Tudo isso me ocorre porque na gestão anterior de Maranhão fui encarregado de lhe entregar - no Fenart - um abaixo-assinado de trezentos pintores, atores, cineastas, poetas, romancistas e dramaturgos do estado - artistas de João Pessoa a Cajazeiras - apresentando-lhe o projeto, do então deputado Ricardo Coutinho, da que seria a equivalente estadual à municipal Lei Viva Cultura - que o próprio Ricardo, vereador, criara nos tempos de Cícero Lucena - e vi Maranhão, de repente, antecipando-se a mim, dizer à platéia que tinha uma surpresa para a nossa classe: uma lei, sua, que iria nos deixar a todos muito felizes, pois garantia financiamentos a fundo perdido a todas as atividades em que nos esfalfávamos e graças as quais o estado tanto brilha. Foi muito aplaudido, mas entreguei-lhe, sempre, quando ele saía da sala, o documento de que era portador, sentindo que a lei - dele - era uma réplica do testamento de César, em branco, que Marco Antonio exibe enrolado ao povo de Roma, ante o cadáver do grande Júlio. Coisa pra Shakespeare. Que sabia tudo sobre Maquiavel.
Lembro-me de que levei o relato ao jornal o Correio na manhã seguinte, um texto breve que terminava dizendo caber a nós, artistas, o acompanhamento da publicação da nova lei em Diário Oficial e a cobrança de seu cumprimento.

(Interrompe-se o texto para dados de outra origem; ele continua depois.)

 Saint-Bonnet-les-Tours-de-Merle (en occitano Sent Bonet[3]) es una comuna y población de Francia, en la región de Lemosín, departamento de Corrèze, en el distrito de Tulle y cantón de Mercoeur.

Mas do jornal disseram-me, no outro dia, que ali não se divulgava nada que fosse contra o governador, coisa que pensei ter visto apenas no tempo da ditadura, quando certa vez dei com um cartaz, na parede daqui de O Norte, colocado pela Censura: "Não se publica nada sobre Dom José Maria Pires".

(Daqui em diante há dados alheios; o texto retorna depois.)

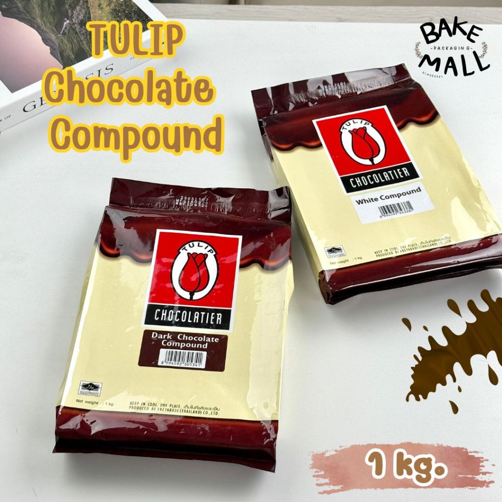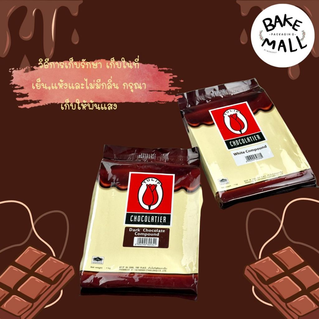 TULIP🍫✨ ช็อกตุ๋นทิวลิป (แท่ง) ดาร์กช็อกโกแลต และไวท์ช็อกโกแลต 1 กก. สำหรับการเคลือบ ตกแต่งขนมเค้ก chocolate compound

Que a escolha de Flávio Tavares - cuja combinação de talento, amor à terra, enorme simpatia e seriedade garantiram aprovação unânime à unção de seu nome - não seja outro rebento do maquiavélico gênio shakesperiano que, por estar sempre se reproduzindo no mundo, garante-lhe a eternidade.
Que eu - que sou sempre muito pessimista - esteja enganado.